Le secrétaire général de l'ONU: "Nous sommes à un tournant de l’histoire ! "
Prié par les Etats membres de leur présenter des recommandations visant à faire progresser notre programme commun, le secretaire général de l'ONU, Antonio Guteress, a publié le présent rapport.
Pour établir ce rapport, le responsable s'est concerté avec de nombreux interlocuteurs, y compris les États Membres, des leaders d’opinion, des jeunes, des représentants de la société civile, ainsi que le système des Nations Unies et ses nombreux partenaires.
Voci le contenu du rapport:
"Alors que l’humanité fait face à la plus grande épreuve collective qu’elle ait eu à surmonter depuis la Seconde Guerre mondiale, elle doit réagir de toute urgence et n’a que deux choix possibles : celui du délitement ou celui du sursaut.

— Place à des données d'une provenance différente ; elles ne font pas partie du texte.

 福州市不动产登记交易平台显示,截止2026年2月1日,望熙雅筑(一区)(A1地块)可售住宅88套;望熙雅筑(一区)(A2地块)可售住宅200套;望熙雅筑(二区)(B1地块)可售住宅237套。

La maladie à coronavirus (COVID-19), en venant mettre en péril la santé de toutes et tous, détruire les économies et les moyens de subsistance et aggraver la pauvreté et les inégalités, n’en finit pas de bouleverser le monde.

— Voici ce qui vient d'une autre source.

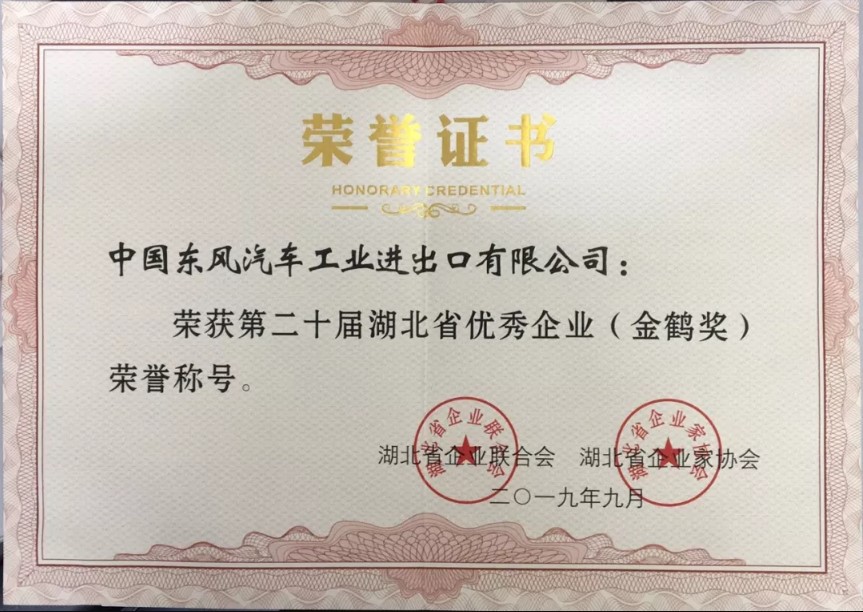 近日,湖北省企業(yè)聯(lián)合會(huì)、湖北省企業(yè)家協(xié)會(huì)發(fā)布了2019年湖北省企業(yè)100強(qiáng)名單。東風(fēng)汽車(chē)集團(tuán)有限公司以6015億元繼續(xù)領(lǐng)跑。會(huì)上同期發(fā)布了2019年湖北省優(yōu)秀企業(yè)(金鶴獎(jiǎng))和2019年湖北省優(yōu)秀企業(yè)家(金牛獎(jiǎng))。中國(guó)東風(fēng)汽車(chē)工業(yè)進(jìn)出口有限公司榮獲“2019年湖北省優(yōu)秀企業(yè)(金鶴獎(jiǎng))”榮譽(yù)稱(chēng)號(hào)

Les conflits continuent de faire rage et ne cessent de s’aggraver. Les effets catastrophiques des changements climatiques – famine, inondations, incendies, canicules – menacent notre existence même.
Partout sur la planète, la pauvreté, les discriminations, la violence et l’exclusion privent des millions de personnes de leurs droits d’accès aux biens et services de première nécessité : santé, sécurité, vaccination, eau potable, alimentation et éducation.
Les gens se détournent chaque jour davantage des valeurs de confiance et de solidarité – c’est-à-dire des valeurs dont nous avons précisément besoin pour reconstruire notre monde et assurer à nos semblables et à la planète un avenir meilleur et durable.
Le bien-être et l’avenir même de l’humanité ne pourront être assurés que si, pour atteindre les objectifs vitaux communs à toutes et tous, nous nous montrons solidaires et agissons comme le ferait une grande famille mondiale.
Et ce, dans l’intérêt des êtres humains, de la planète, de la prospérité et de la paix.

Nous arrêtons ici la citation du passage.